==== Data for review ====

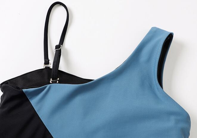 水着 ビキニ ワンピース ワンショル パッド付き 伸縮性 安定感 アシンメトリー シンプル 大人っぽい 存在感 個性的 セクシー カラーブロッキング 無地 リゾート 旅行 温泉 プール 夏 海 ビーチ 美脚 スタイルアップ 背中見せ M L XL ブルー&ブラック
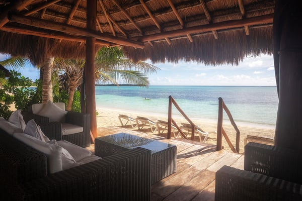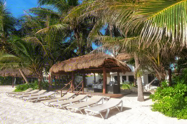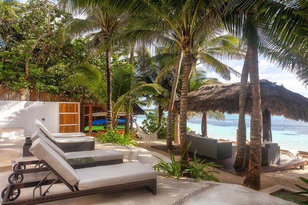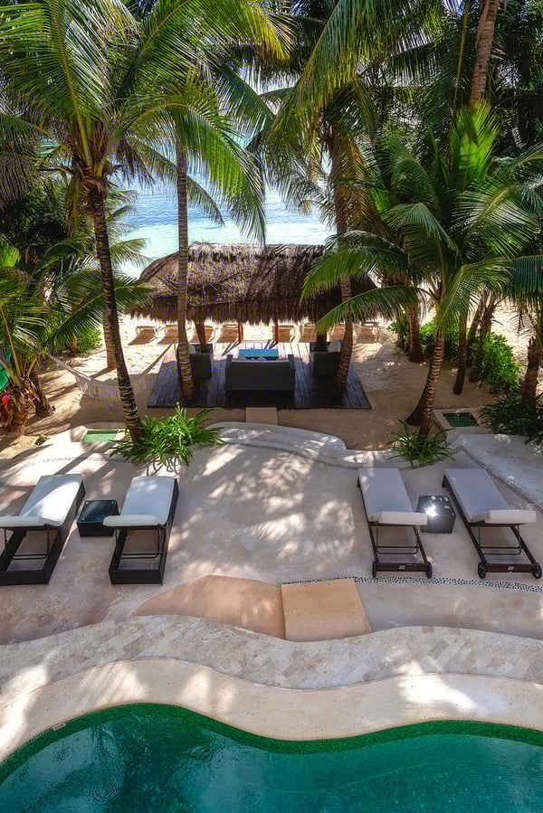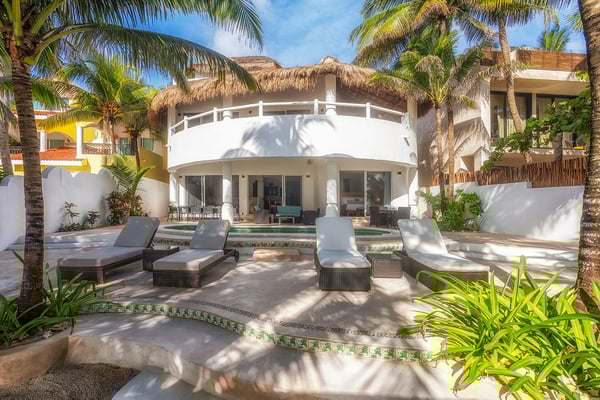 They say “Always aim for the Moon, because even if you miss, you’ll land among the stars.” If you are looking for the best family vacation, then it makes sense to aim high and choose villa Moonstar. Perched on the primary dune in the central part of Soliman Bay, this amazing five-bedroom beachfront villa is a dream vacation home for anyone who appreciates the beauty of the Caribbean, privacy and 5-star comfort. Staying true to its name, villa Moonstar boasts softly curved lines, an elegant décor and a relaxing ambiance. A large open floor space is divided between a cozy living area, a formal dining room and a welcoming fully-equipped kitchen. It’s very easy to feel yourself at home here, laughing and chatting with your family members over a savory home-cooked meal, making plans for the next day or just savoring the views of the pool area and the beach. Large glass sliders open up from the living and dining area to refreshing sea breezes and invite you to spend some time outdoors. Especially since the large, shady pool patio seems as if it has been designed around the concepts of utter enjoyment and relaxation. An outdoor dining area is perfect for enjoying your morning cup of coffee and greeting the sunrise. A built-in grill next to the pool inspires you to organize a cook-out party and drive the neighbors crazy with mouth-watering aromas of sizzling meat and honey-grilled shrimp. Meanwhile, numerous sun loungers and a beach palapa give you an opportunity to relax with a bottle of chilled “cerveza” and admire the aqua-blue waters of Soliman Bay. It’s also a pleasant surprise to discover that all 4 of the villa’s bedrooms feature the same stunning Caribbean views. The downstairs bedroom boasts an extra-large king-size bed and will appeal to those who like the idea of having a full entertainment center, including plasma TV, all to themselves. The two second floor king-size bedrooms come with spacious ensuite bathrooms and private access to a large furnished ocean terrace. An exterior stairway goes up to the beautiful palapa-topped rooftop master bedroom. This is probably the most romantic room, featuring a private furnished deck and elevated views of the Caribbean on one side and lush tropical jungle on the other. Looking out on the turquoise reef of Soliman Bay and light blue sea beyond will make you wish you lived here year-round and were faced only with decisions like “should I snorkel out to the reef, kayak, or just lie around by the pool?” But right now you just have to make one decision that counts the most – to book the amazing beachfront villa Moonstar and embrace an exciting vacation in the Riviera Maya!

====
==== Data for review ====

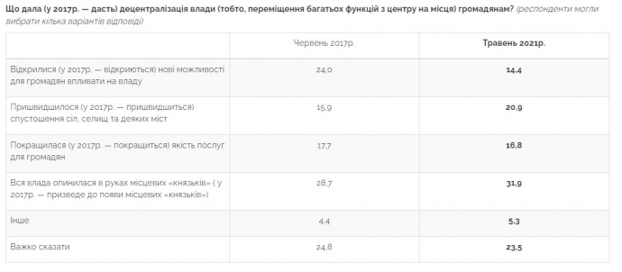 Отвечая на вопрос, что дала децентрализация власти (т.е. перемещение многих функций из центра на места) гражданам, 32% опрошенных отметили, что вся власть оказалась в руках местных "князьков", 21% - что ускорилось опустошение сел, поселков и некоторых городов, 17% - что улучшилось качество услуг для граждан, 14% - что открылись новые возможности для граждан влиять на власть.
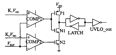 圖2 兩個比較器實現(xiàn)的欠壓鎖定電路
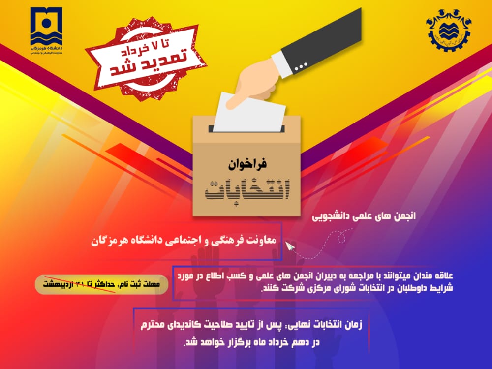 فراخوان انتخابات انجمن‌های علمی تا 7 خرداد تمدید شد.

====

Aim of the exercise: From the data above, retype only the lines starting with the line with "圖2 兩個比較器實現(xiàn)的欠壓鎖定電路" and going on through the line with "فراخوان انتخابات انجمن‌های", exactly, leaving out the pictures.

Output below:
 圖2 兩個比較器實現(xiàn)的欠壓鎖定電路
 فراخوان انتخابات انجمن‌های علمی تا 7 خرداد تمدید شد.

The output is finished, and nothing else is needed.